Model Overview
VAGOsolutions/SauerkrautLM-gemma-2-2b-it is a 2.6 billion parameter instruction-tuned model developed by VAGO solutions. It is based on the google/gemma-2-2b-it architecture and has been fine-tuned using a novel approach called Spectrum Fine-Tuning.
Key Characteristics & Training
- Resource-Efficient Fine-Tuning: The model showcases the potential of Spectrum Fine-Tuning by targeting only 25% of the model's layers, significantly reducing resource consumption compared to traditional fine-tuning methods.
- Multilingual Focus: Fine-tuned on a proprietary "German-English Sauerkraut Mix v2" dataset, which includes meticulously selected high-quality data and cutting-edge synthetic datasets.

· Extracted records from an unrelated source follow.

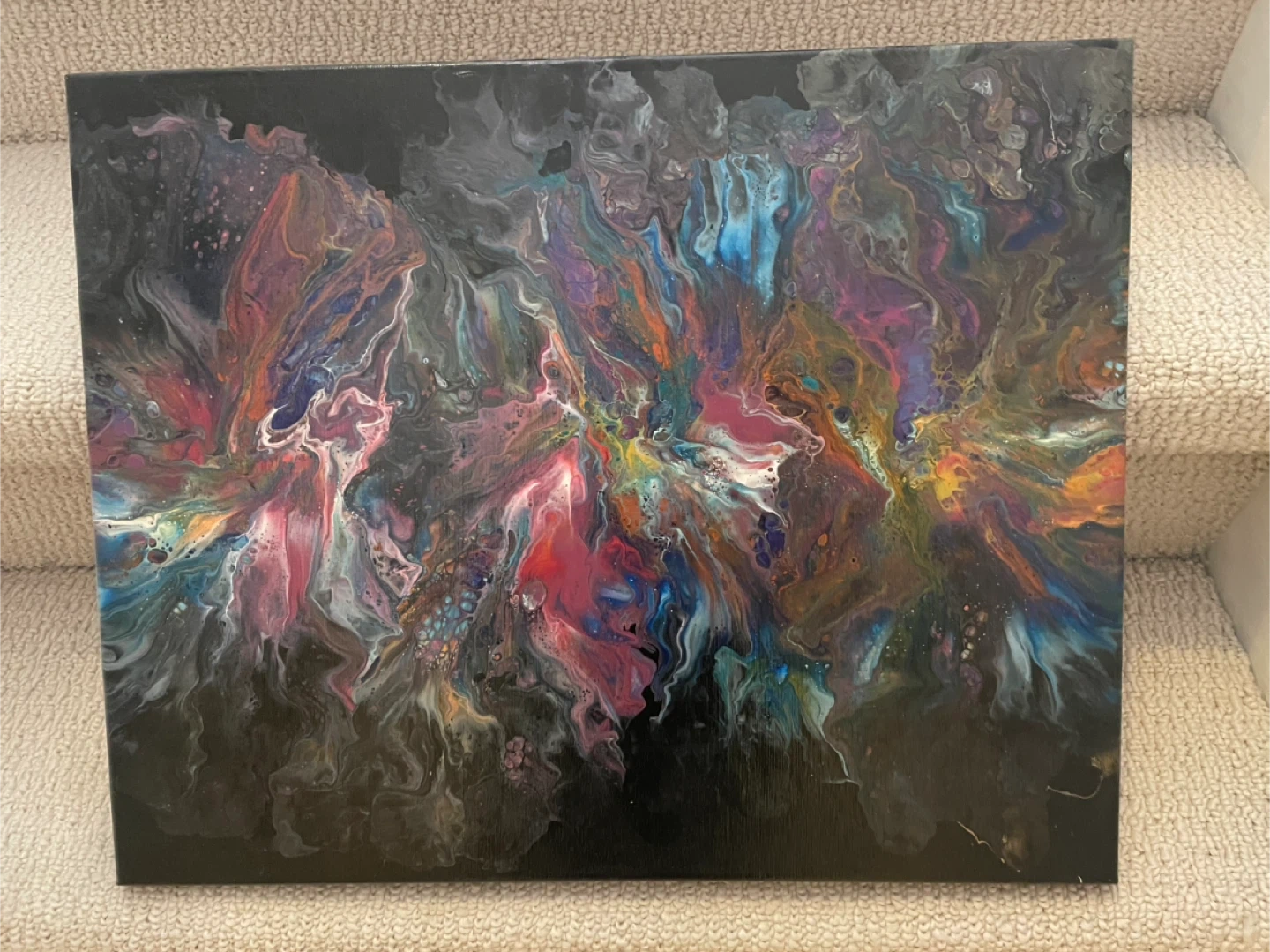 This is a one of a kind fluid acrylic abstract painting on canvas. The colours are vibrant and create a mesmerizing effect. It would look great in any room!
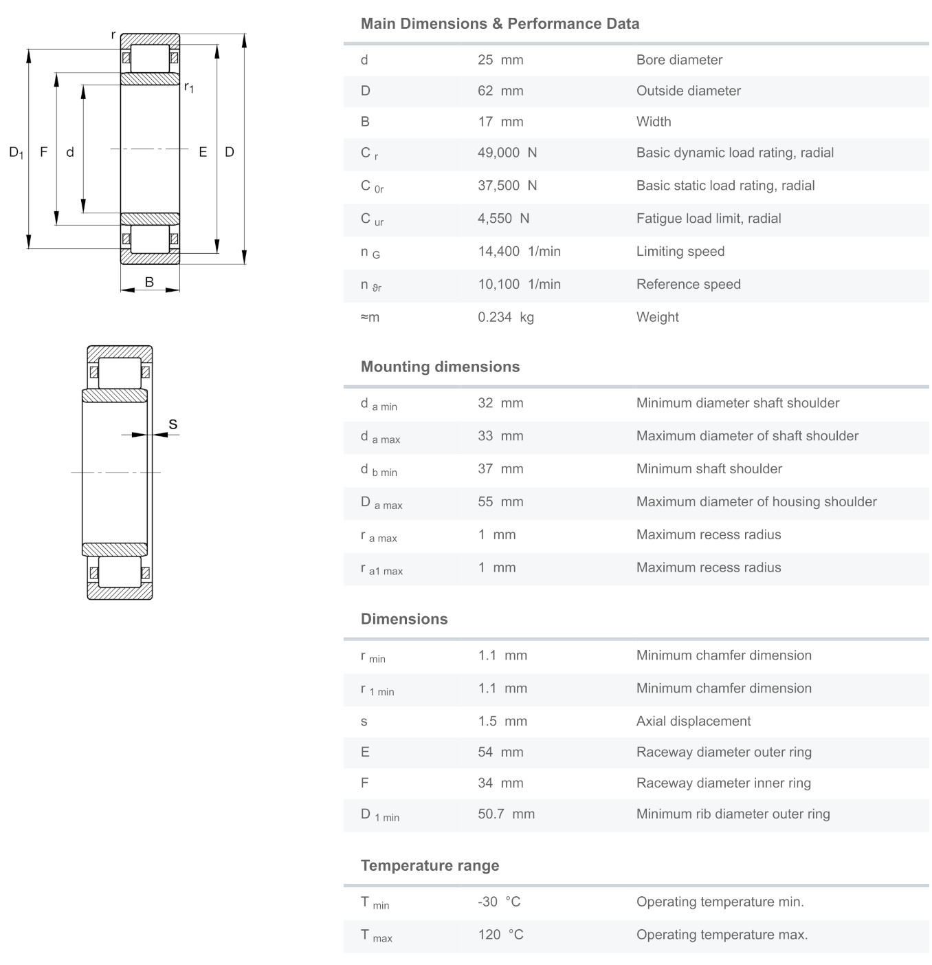 FAG NU305-E-TVP2 มีขนาดวงใน 25 มิล วงนอก 62 มิล หนา 17 มิล เป็นตลับลูกปืนเม็ดทรงกระบอก แถวเดี่ยว NU Design รองรับโหลดในแนวรัศมีได้สูง มีลักษณะแกนในที่สามารถถอดหลุดออกได้ทั้ง 2 ด้าน ทำให้ง่ายต่อการติดตั้ง
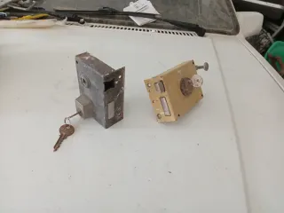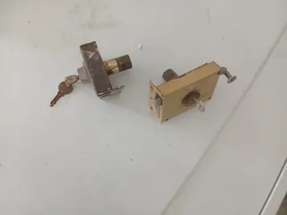 Se venden dos cerraduras antiguas, una de ellas con su llave. - Cerradura metálica plateada con llave. - Cerradura metálica dorada con llave. Se vende 40€ la de una sola llave y la otra con dos llaves 30€

- Enhanced Capabilities: The fine-tuning process has led to significant improvements in instruction-following, common-sense reasoning, and problem-solving. It also demonstrates enhanced multilingual performance, not only in German and English but across various other languages, as indicated by MMLU evaluations.
Objective
The primary objective of this model's development was to demonstrate that even a small 2 billion parameter model can achieve enhanced capabilities through resource-efficient fine-tuning, while preserving the majority of its pre-existing knowledge.
Evaluation Highlights
Evaluations using benchmarks like AGIEVAL, GPT4ALL, TRUTHFULQA, OPENLEADERBOARD 2, and MMLU 5-shot indicate improved performance, particularly in multilingual contexts. VAGO solutions notes that their absolute benchmark results may differ from Hugging Face Leaderboard due to varying evaluation setups, but relative differences remain consistent.